Jennings agreed, adding he thinks the stop bars will not work anyway.
Villanti said in "urban environments," stop bars are commonly used so that larger vehicles can navigate intersections.
"In the real world," countered Bogart, "if someone does not see the stop bar, you potentially shut down the intersection."
"It is still better than what it is today," said Villanti about the new proposal.
Jennings said that doesn't make it right because the current intersection does not work well and was approved by PennDOT.
For Jennings, there is a simple solution.
"You have room on the right hand side," said Jennings. "Do it and solve the problem."
To do that, it would mean cutting into the parking lot of the Meagher Agency to make the corner wider.
"What's the problem?" said Jennings. "Work out something."
Smith asked what the state said about the new design.
Bogart said the state did give approval, however, "the final say" is with the borough.
"That is not entirely true," said Smith.
"Yet it is," said Bogart.
At that point, developer Tom Shepstone stepped into the conversation, saying something can be worked out.
"Let's do a test and see what works," said Shepstone.
Mary Ann Wervey of the Zaremba Group of Cleveland, Ohio, which represents CVS, said it was their intention to explore all of the possibilities.
"We want to give our design a chance to work," said Wervey.
Borough solicitor Rich Henry said Shepstone's suggestion is "doable." He also agreed with Bogart, saying the borough has the final say in the matter.

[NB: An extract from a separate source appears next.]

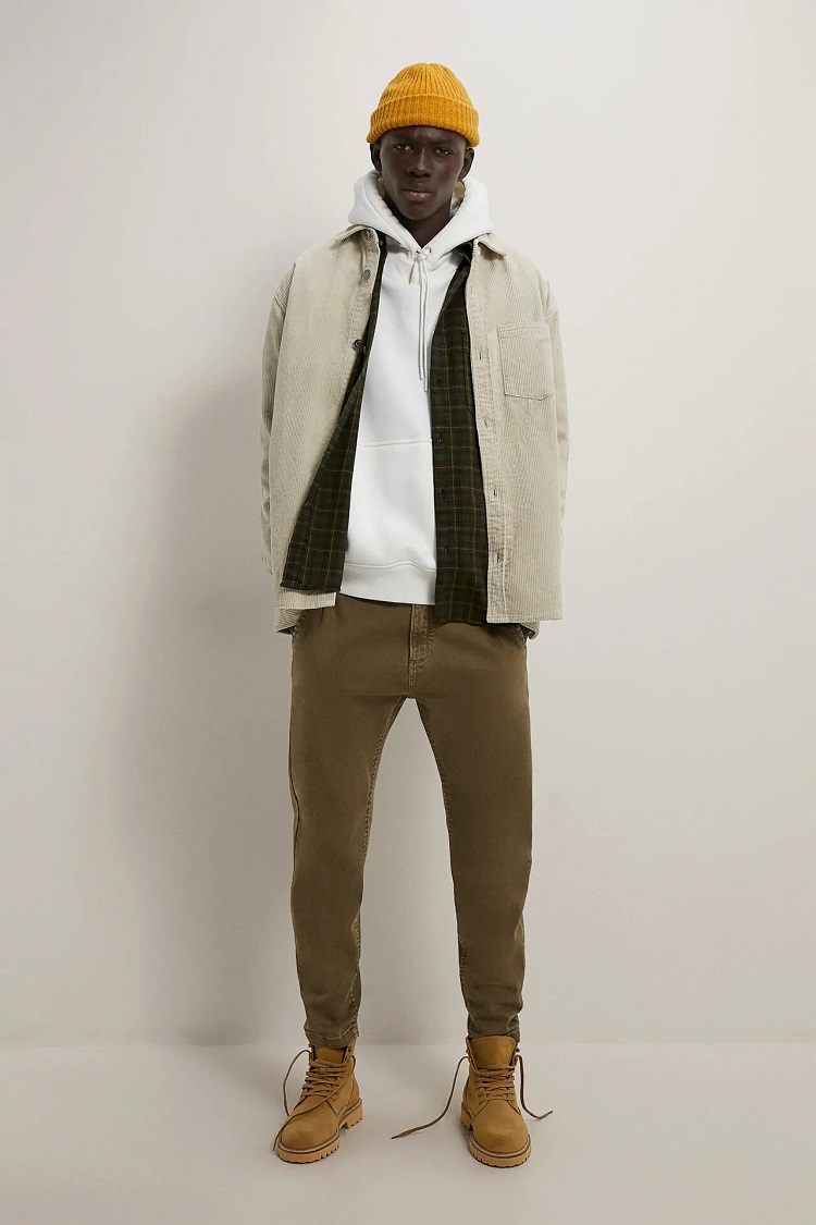 Continuamos con este pantalón chino skinny disponible en color negro, color gris y color khaki claro. Tiene bolsillos frontales, detalle de bolsillos en la espalda, siendo uno de vivo y otro de solapa. Además, destaca su efecto lavado y el cierre en la parte frontal, siendo de cremallera y botón.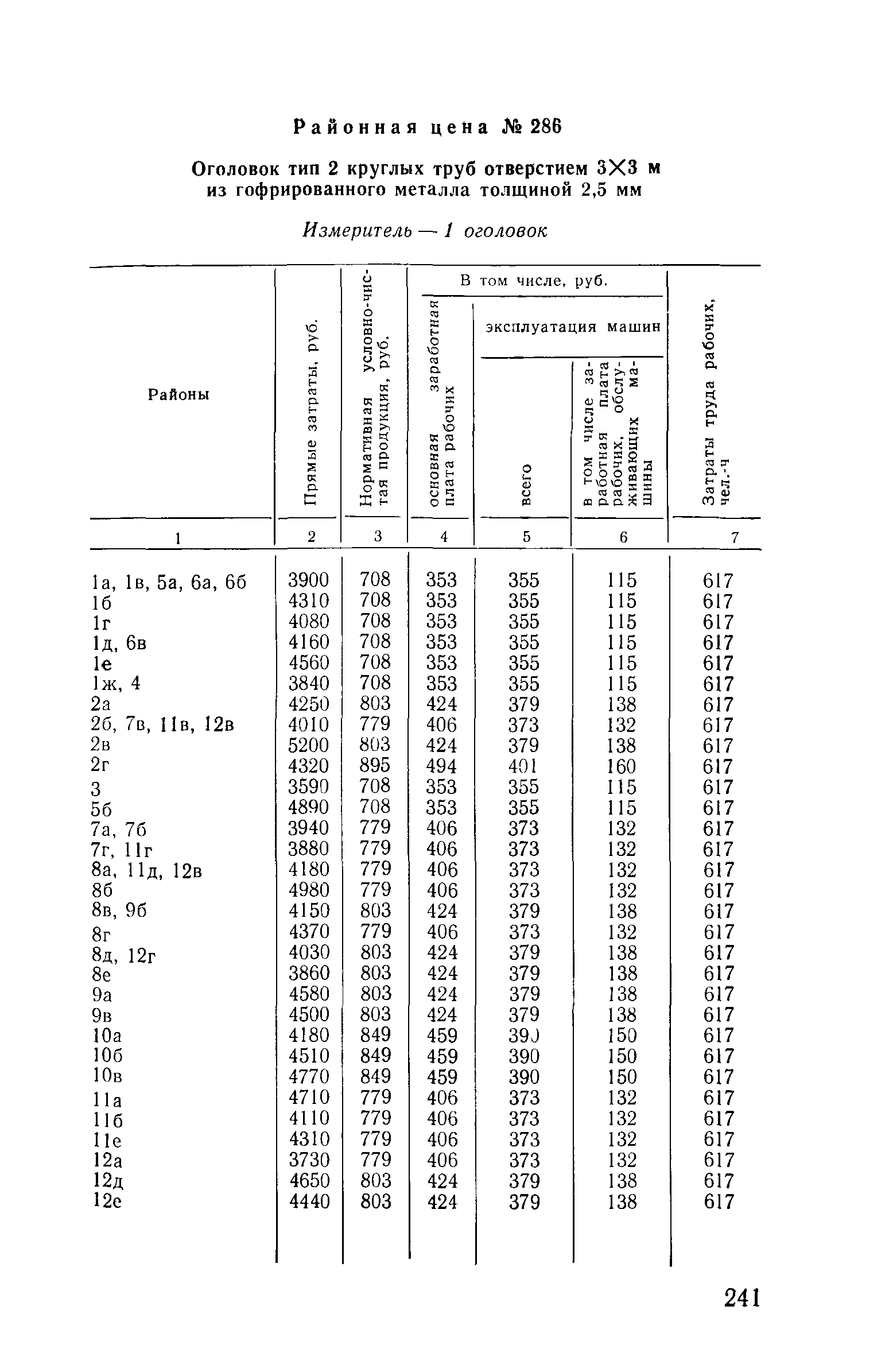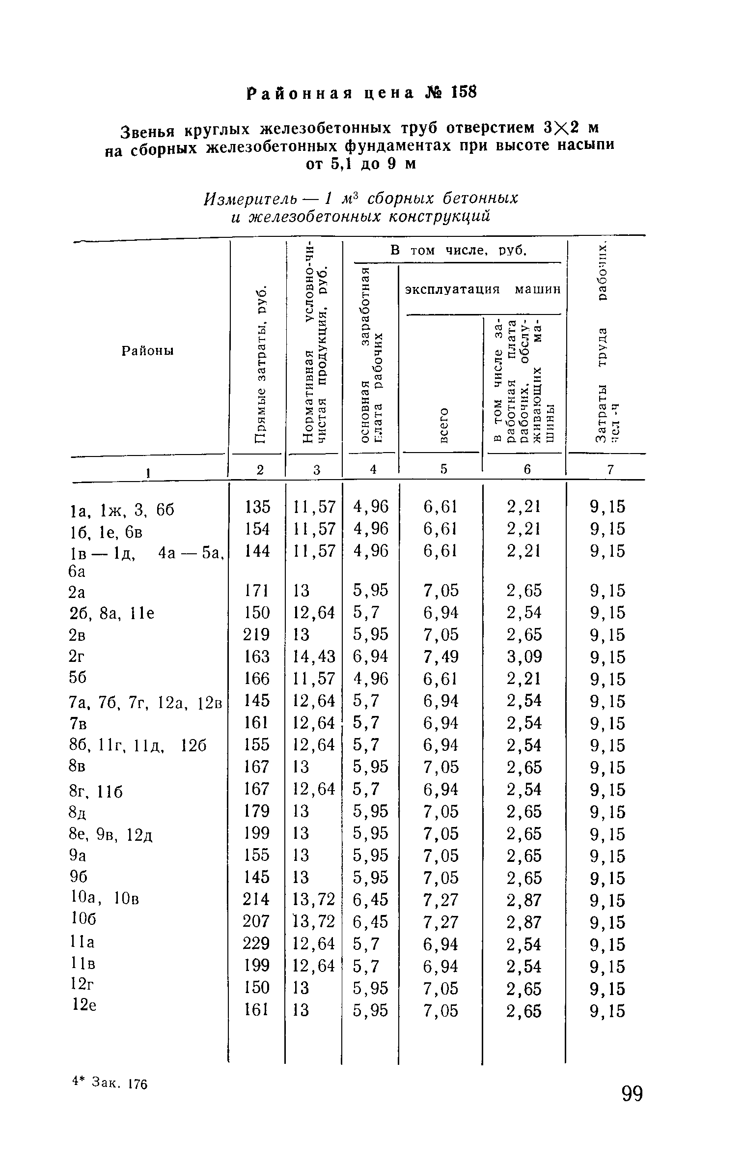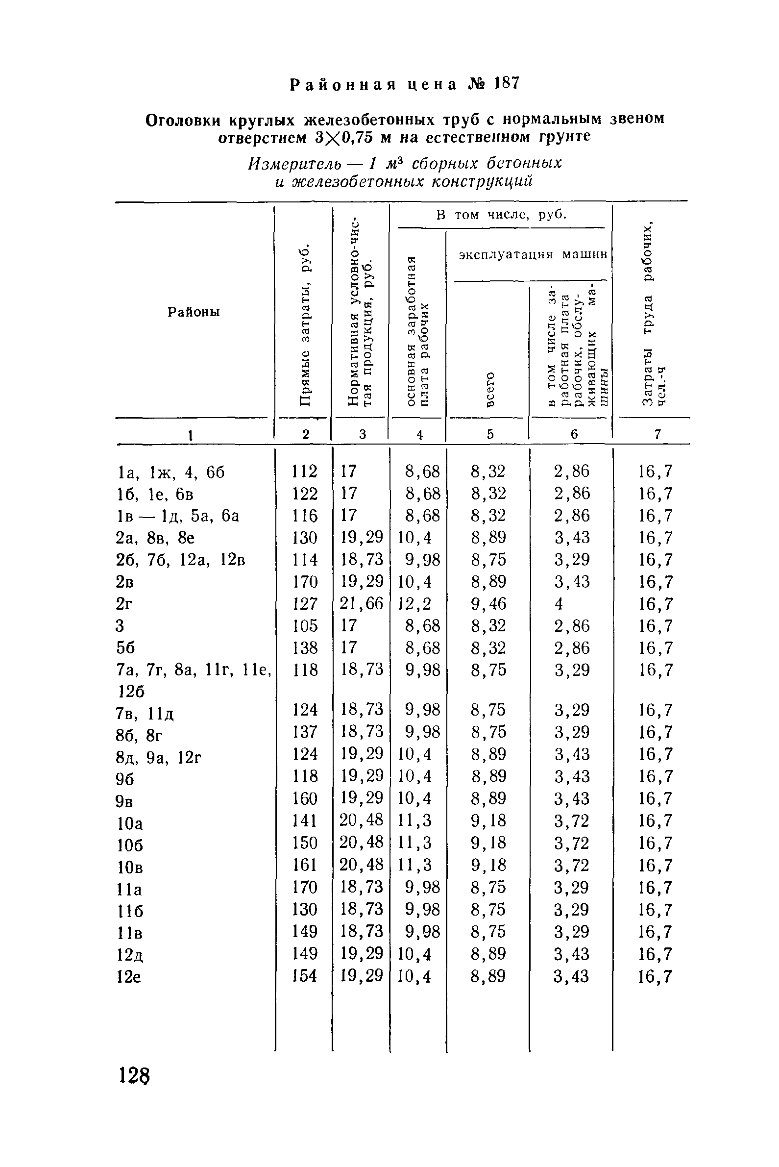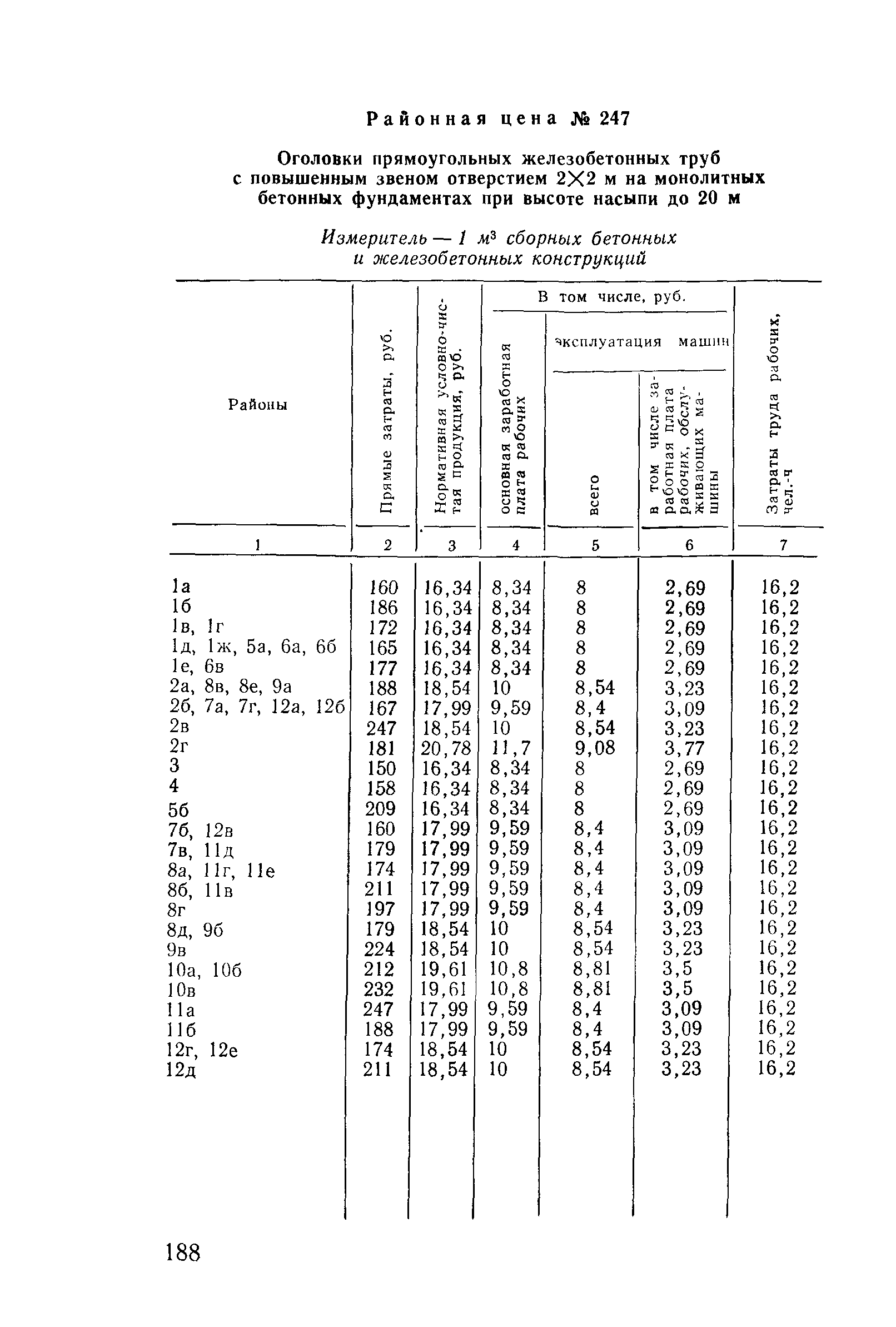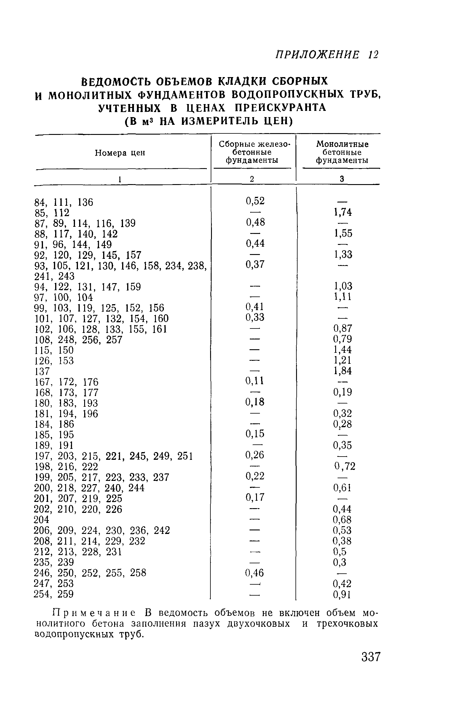 Прейскурант на строительство зданий и сооружений автодорожного транспорта. Выпуск 2. Прейскурант на строительство зданий и сооружений автодорожного транспорта. Выпуск 1, 2, 3, 4. Прейскуранты на строительство зданий и сооружений межотраслевого назначения| Статус: | действует | | Название рус.: | Прейскурант на строительство зданий и сооружений автодорожного транспорта. Выпуск 2. Прейскурант на строительство зданий и сооружений автодорожного транспорта. Выпуск 1, 2, 3, 4. Прейскуранты на строительство зданий и сооружений межотраслевого назначения | | Дата добавления в базу: | 01.09.2013 | | Дата актуализации: | 01.01.2021 | | Дата введения: | 01.07.1985 | | Область применения: | Прейскурант предназначен для определения сметной стоимости при проектировании зданий на стадиях проекта, рабочего проекта и рабочей документации и является обязательным для применения всеми организациями независимо от их ведомственной принадлежности при проектировании строительства в территориальных районах и подрайонах, указанных в прил. 1 (кроме районов Крайнего Севера и местностей, приравненных к ним, за исключением Мурманской обл.). | | Оглавление: | Техническая часть I Цены Прейскуранта на трубы водопропускные круглые, железобетонные II Цены Прейскуранта на трубы водопропускные прямоугольные железобетонные III Цены Прейскуранта на трубы водопропускные круглые из гофрированного металла IV Цены Прейскуранта на железобетонные лестничные сходы по откосам насыпей и выемок V Цены Прейскуранта на дополнительные объемы работ по сооружению водопропускных труб | | Разработан: | Гипропромтрансстрой Главтранспроекта

"The borough is the holder of the traffic signal permit," said Bogart.
That, she said, means unless the borough gives its approval, nothing moves forward.
"We made a good faith agreement with you," said Shepstone.
It was suggested an agreement be drawn up between the borough and CVS in which an escrow account would be established. That account would have funds to change the intersection if the new design does not work. The engineers will work together to come up with a cost estimate for the escrow account.
According to Wervey, that agreement would have to include a clause that the borough is responsible for any and all improvements required from the widening of the truck radius.
She also suggested that the cost estimate be determined by the CVS engineering firm subject to the approval of Bogart Engineering.
Henry said some sort of time period would have to be part of the agreement.
Smith suggested one year, saying, "I want a full summer" to see how it works because summers are the busiest time of the year."
Jennings emphasized he is all for having a new CVS in Honesdale but wants to make sure the traffic patterns are solved.
"It's the traffic situation I'm worried about," said Jennings.
The mayor, in an interview after the meeting, said he thinks more parties should have been involved in discussing the issue. He pointed out there is an insurance agency, a body shop and other businesses in the area.
The school district, too, should have been approached, he said. Langendoerfer said school buses travel through that intersection daily and that has to be a consideration on any new configuration.
The issue will once again be discussed at the Dec. 10 meeting of the borough council where several approvals will have to be made by the council for the project to proceed.
Angela Franklin, representing CVS Realty Co., said those approvals are necessary in order to close the real estate deal by Dec. 21, something she said they would like to get done.